FICO's quarterly survey of bank risk professionals indicate a credit gap that has hindered U.S. consumer spending is likely to continue well into 2011. Also, lenders are unlikely to meet the credit demands of small businesses in the near term.
The survey found 42% of respondents expect the amount of credit requested by consumers to increase over the next six months. However, only 31% of respondents expect the amount of new credit offered by lenders to increase. Furthermore, 39% of bankers surveyed expect approval criteria for consumer credit to become stricter, while only 13% expect approval criteria to loosen. The survey was conducted for FICO by the Professional Risk Managers’ International Association (PRMIA).

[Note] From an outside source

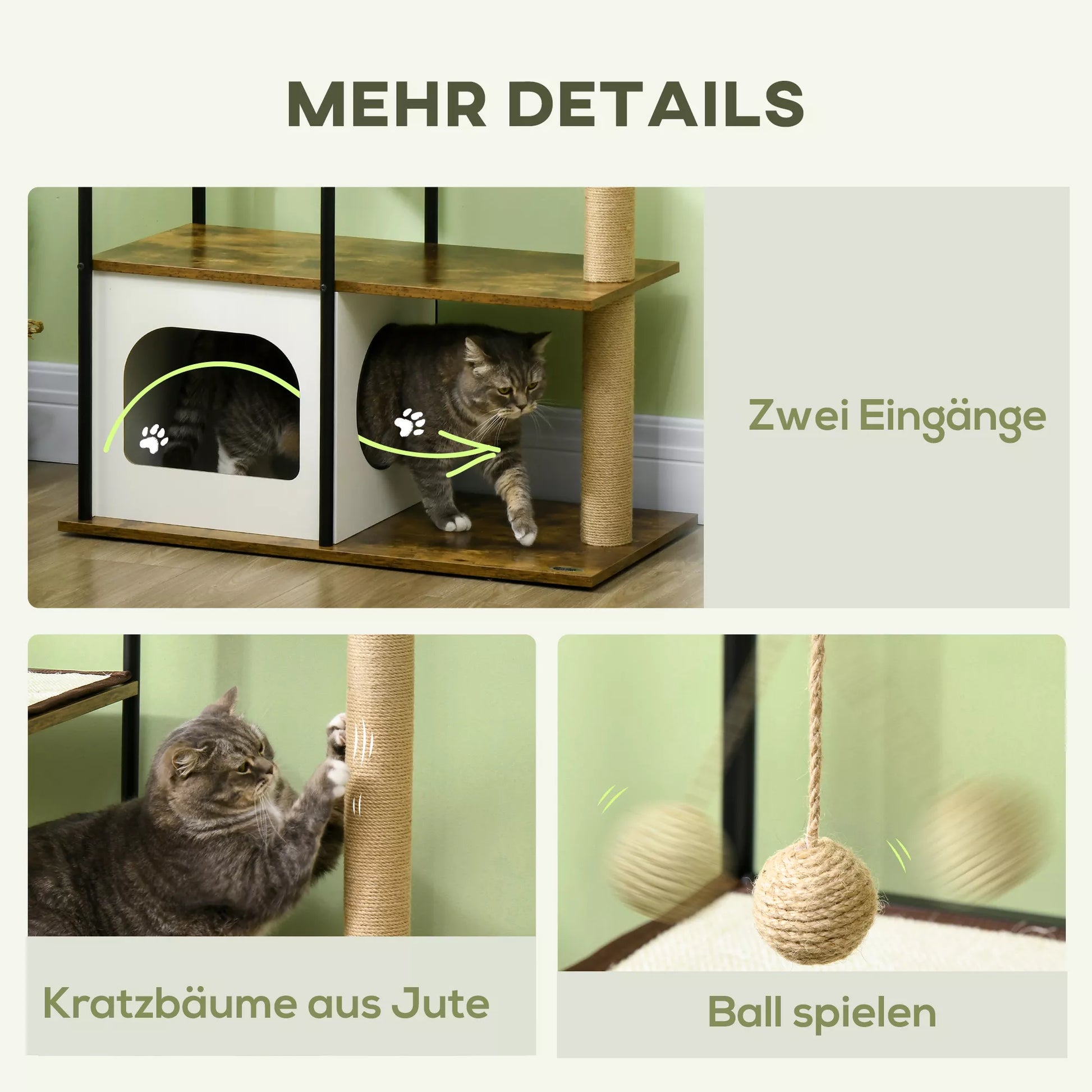 Lieliska kaķa izklaide ar skrāpējamo stabu! Ar četriem līmeņiem un 118,5 cm augstumu tas piedāvā jūsu kaķim īstu kāpšanas paradīzi. Mājīgā mājiņa augšējā stāvā un kaste ar divām ieejām apakšā ir ideāli piemērotas 1-2 kaķiem līdz 5 kg. Sizala aptintie skrāpējamie stabi ir lieliski piemēroti nagu asināšanai un kaķa atturēšanai no mēbelēm. Piekaramā rotaļu bumba nodrošina papildu izklaidi.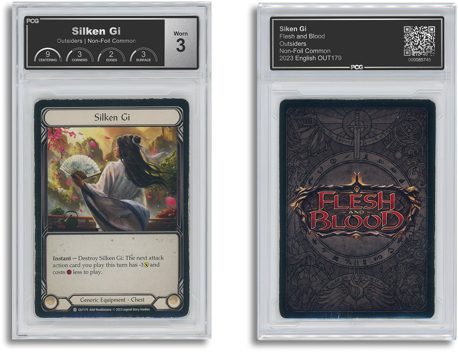 A PCG Worn 3 is a card with significant visible wear and noticeable damage across multiple categories. The card will show signs of deterioration, including a range of scratches, dents, and larger creases on the surface. Chipped and discolored edges will be visible, with blurry images and rounded corners. A majority of the gloss will be missing from the card. The centering must be within an 85/15 ratio on the front, with any centering on the back considered acceptable.

Results also indicate that credit will be tight for small businesses. Over 59% of those surveyed expect the amount of credit requested by small businesses to increase over the next six months. By contrast, less than 37% of respondents expect lenders to increase the amount of credit that is extended to small businesses.
“We continue to see a significant gap between expectations for credit demand and credit supply,” says Dr. Andrew Jennings, chief research officer at FICO and head of FICO Labs, which works with PRMIA on the quarterly survey. “Until lenders put the problems in their mortgage portfolios behind them and see sustained growth in private-sector employment, the credit gap is unlikely to close. In the near term, this could have a negative impact on spending during the holiday shopping season, which would be a big blow to an already-fragile economy.”
The survey found pessimism in other areas of the bank sector, most notably regarding bank stability. According to government figures, 141 U.S. banks failed from January 1 through November 5 of this year. That number exceeds the 140 failures that occurred in all of 2009, making 2010 one of the worst years in the country’s history for bank failures.
Unfortunately, the worst may not be over. Nearly 54% of survey respondents expect the number of banks on the FDIC’s Problem Bank List to grow in 2011, while only 20% expect the number of problem banks to decrease.
"This is undoubtedly bad news for taxpayers and bankers alike,” says Jennings. "However, one ray of hope is that the amount of assets managed by failed banks in 2010 is over $50 billion less than the amount of assets managed by banks that failed in 2009. This indicates that larger local and community banks may finally be stabilizing.”
When asked about expected delinquency rates for credit cards, residential mortgages and car loans, survey respondents had a slightly less pessimistic outlook this quarter than last quarter.
For example, while 38% of respondents expect delinquencies for credit cards to rise this quarter (compared to 19% who expect delinquencies to decline), 42% of respondents in the prior survey expected delinquencies to rise. Likewise, the percentage of respondents expecting an increase in mortgage delinquencies fell from 53% to 50%. The percentage of respondents expecting an increase in delinquencies on auto loans fell from 30% to 27%.
“The high level of expected delinquencies and continued unmet credit demand indicate that lenders are expecting a protracted economic recovery at best,” says Dr. Russell Walker of the Zell Center for Risk Research at Northwestern University’s Kellogg School of Management. “Improvement in the mortgage markets will be needed to change this outlook.”
The survey included responses from 230 risk managers at banks throughout the U.S. FICO and PRMIA extend a special thanks to The Zell Center for Risk Research for its assistance in analyzing the survey results.